This rasam is popular in Madurai and surrounding areas.
Toor Dal – 1 tsp
Mochai – 1 tsp
Kollu – 1 tsp
Raw Peanuts – 1 tsp
Karamani – 1 tsp
Bengal Gram Dal – 1 1/2 tsp
Coriander Seeds – 1 1/2 tsp
Cashewnuts – 5
Dry Red Chillies – 5
Tamarind Extract – 1 cup, thick
Turmeric Powder – 1/4 tsp
Asafoetida Powder – 1/4 tsp
Ghee – 2 tsp
Jaggery – 2 tsp
Curry Leaves – little
Salt as per taste
1. Heat ghee in a pan.
2. Fry the cashewnuts, bengal gram dal, coriander seeds, dry red chillies and curry leaves separately.
3. Keep the cashewnuts aside and grind together the remaining fried ingredients to a fine powder.
4. Add the toor dal, mochai, kollu, peanuts and karamani to a large bowl.
5. Add enough water, turmeric powder, asafoetida powder and cook for a few minutes till mushy.

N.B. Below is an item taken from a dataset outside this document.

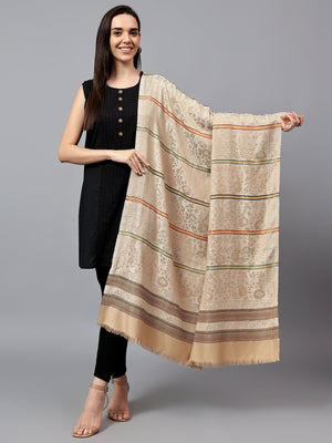 Women Fine Wool Beige Designer with zari weave Soft & Warm Shawl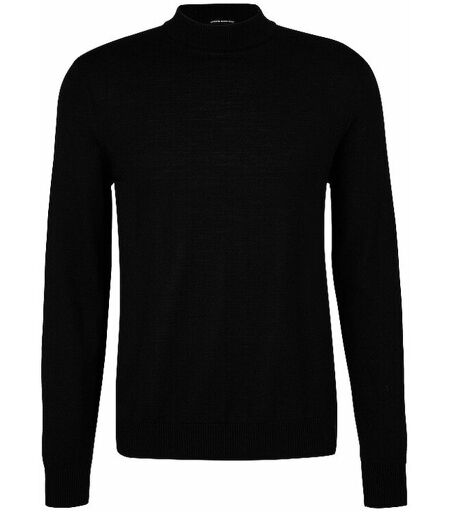 Herren Pullover aus reiner Schurwolle Feinstrick Stehkragen Langarm Unifarben Gerade geschnitten Logo Detail am Saumende Farbbezeichnung: Schwarz Material: 100% Schurwolle ...

6. Switch off the flame and mash well.
7. Add tamarind extract, salt, jaggery and 3 cups of water to an another pan.
8. Add the ground powder, mashed dals and place it over medium flame.
9. Bring to a boil and switch off the flame.
10. Garnish with the cashewnuts and serve hot with rice.